While the PyCObject/PyCapsule API break is a definite problem, it's not impossible to work around, but at least one poster on python-dev had some difficulties to deal with. Overall, this shouldn't have happened.

For the specific case of PyCObject/PyCapsule, the problem already exists and there is not much that can be done. Reinstating PyCObject was not really an option, as that would only add further incompatibilities. However, the general view was that it is possible, albeit tedious, to write code to adapt to whichever API is available. In fact, in Python 3.1, the PyCObject API was written as a wrapper over the PyCapsule API. There was a suggestion that should anyone need it, the Python 3.1 implementation could be extracted for use in 3rd party code. Additionally, it was agreed that a "retroactive" PEP covering the change would be written, to describe the reasons behind the change and document resources which can help developers migrate.

On a more general note, the Python development team is now aware of the problem and will work to avoid it reoccurring. Guido posted a review of the situation and suggested that Python 3 should be conservative in the use of deprecations for the moment. At a minimum, deprecated APIs will be retained substantially longer before being removed, to give developers moving from 2.7 a migration path.

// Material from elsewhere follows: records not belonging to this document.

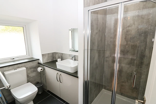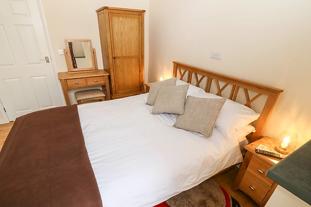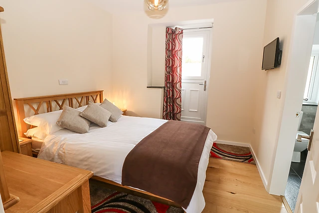 The cottage's double bedroom, adorned with a TV and an en-suite shower room, ensures a restful night's sleep.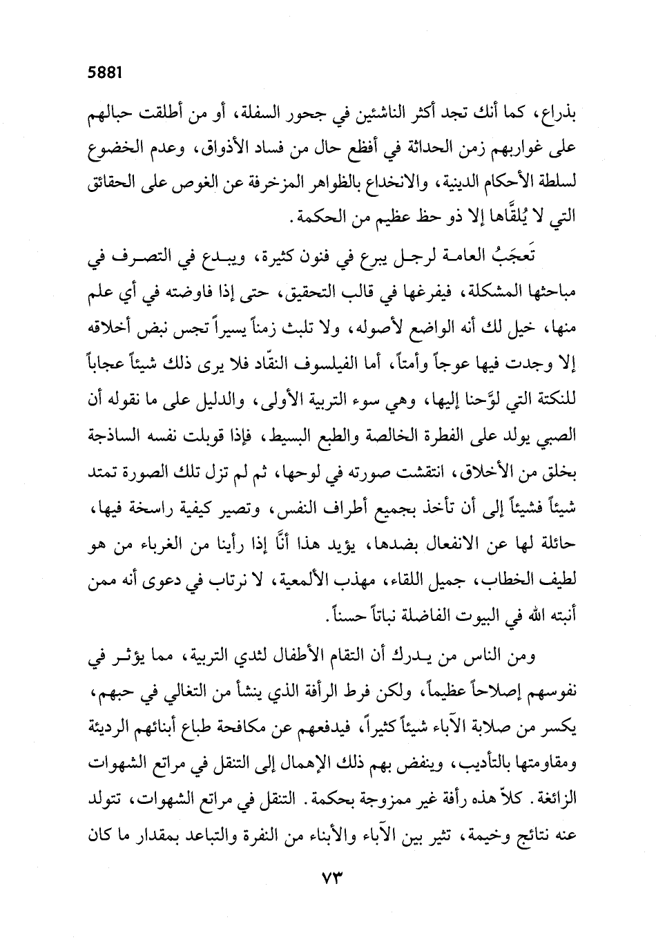 تَعجَبُ العامة لرجل يبرع في فنون كثيرة، ويبدع في التصرف في مباحثها المشكلة، فيفرغها في قالب التحقيق، حتى إذا فاوضته في أي علم منها، خيل لك أنه الواضع لأصوله، ولا تلبث زمناً يسيراً تجس نبض أخلاقه إلا وجدت فيها عوجاً وأمتاً، أما الفيلسوف النقّاد فلا يرى ذلك شيئاً عجاباً للنكتة التي لوَّحنا إليها، وهي سوء التربية الأولى، والدليل على ما نقوله أن الصبي يولد على الفطرة الخالصة والطبع البسيط، فإذا قوبلت نفسه الساذجة بخلق من الأخلاق، انتقشت صورته في لوحها، ثم لم تزل تلك الصورة تمتد شيئاً فشيئاً إلى أن تأخذ بجميع أطراف النفس، وتصير كيفية راسخة فيها، حائلة لها عن الانفعال بضدها، يؤيد هذا أنَّا إذا رأينا من الغرباء من هو لطيف الخطاب، جميل اللقاء، مهذب الألمعية، لا نرتاب في دعوى أنه ممن أنبته الله في البيوت الفاضلة نباتاً حسناً.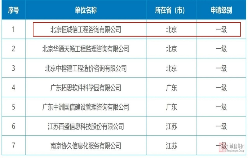 實(shí)力認證 | 恒誠信斬獲軟件造價(jià)評估一級資質(zhì)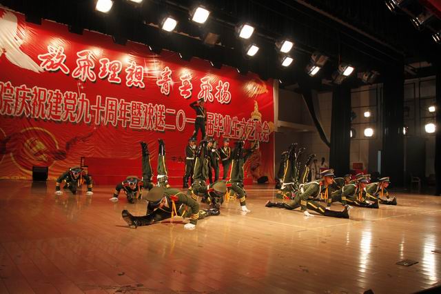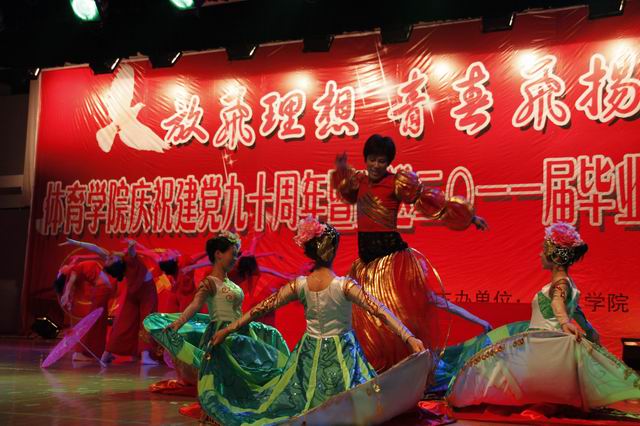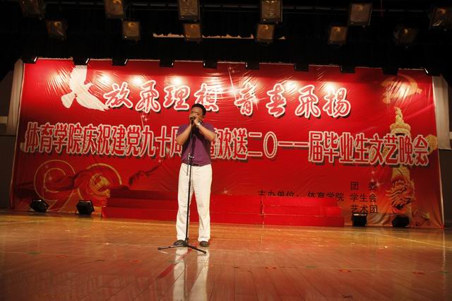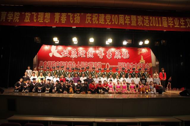 “同窗四载情深意重别情依依实难舍,壮志雄心乘风破浪辽阔大地腾鲲鹏”。6月12日晚,花津校区大礼堂座无虚席,人头攒动。437ccm必赢国际版“放飞理想 青春飞扬”庆祝建党九十周年暨欢送2011届毕业生文艺晚会在此隆重举行。安徽省体育卫生协会秘书长陈钦、副校长王先俊、安徽省江南片各高校体育部主任、学校各部门领导、兄弟学院领导及学院师生代表1000余人观看了本场晚会。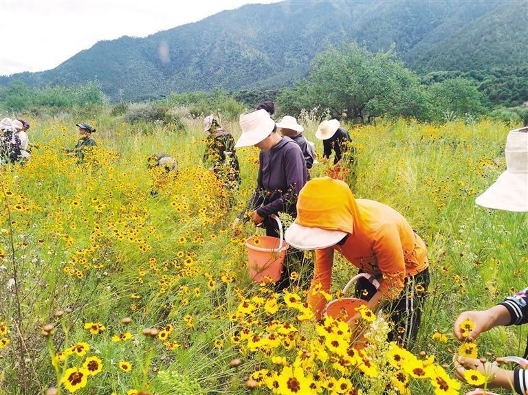 圖為巴宜區(qū)人社局聯(lián)合林芝林卡旅游開發(fā)有限公司開展“以工代訓(xùn)”,組織農(nóng)牧民群眾在布久鄉(xiāng)工布原鄉(xiāng)景區(qū)采收雪菊。通訊員 楊健 記者 謝筱純 王珊 攝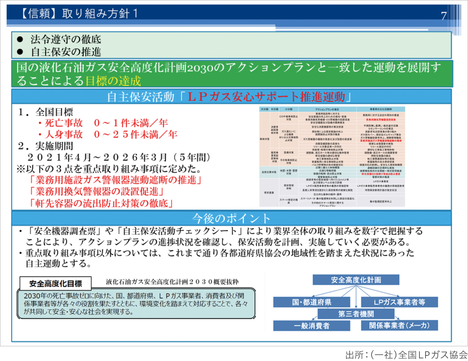 ○全国LPガス協会による、国の『液化石油ガス安全高度化計画2030』と一致した自主保安運動の展開

More indirectly, the thread raised the issue of how to more effectively communicate changes in Python to a wider audience, in a more timely manner - an issue that this blog was formed precisely to address.

What does all this mean?

First and foremost, it means that the Python developers don't always get everything right. Nobody meant to make life harder for developers, it just wasn't something that was spotted in time.

Secondly, fixing the problem can do more harm than good, so the PyCObject API is not being reinstated. While reinstatement might help developers who were bitten by the change, overall it would make compatibility issues more complex. In the meantime, we have to put up with the issue and move on. Lessons were learned, and we won't make the same mistake next time.

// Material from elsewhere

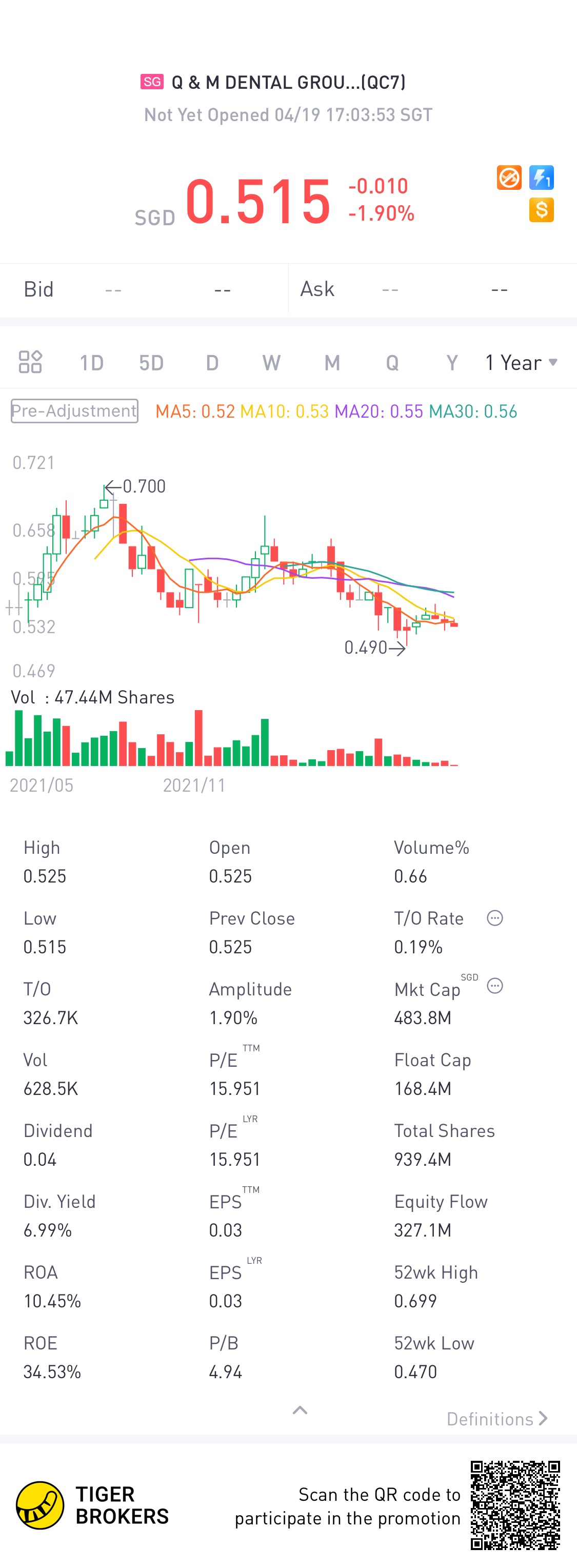 $Q & M DENTAL GROUP (S) LIMITED(QC7.SI)$Good dividend yield with good ROE. Worth to buy

On thing this shows is that the Python development team wants to hear from the users. Compatibility is very important, and every effort is made to make the transition to new versions as painless as possible. In particular, library developers should be able to support multiple Python versions with a reasonable level of effort.

Finally, the developers haven't abandoned 2.7. While it won't be getting new features and there will be no 2.8, the views of people using 2.7 are still important. Making sure users can move to 3.x when they are ready is vital for the whole Python community.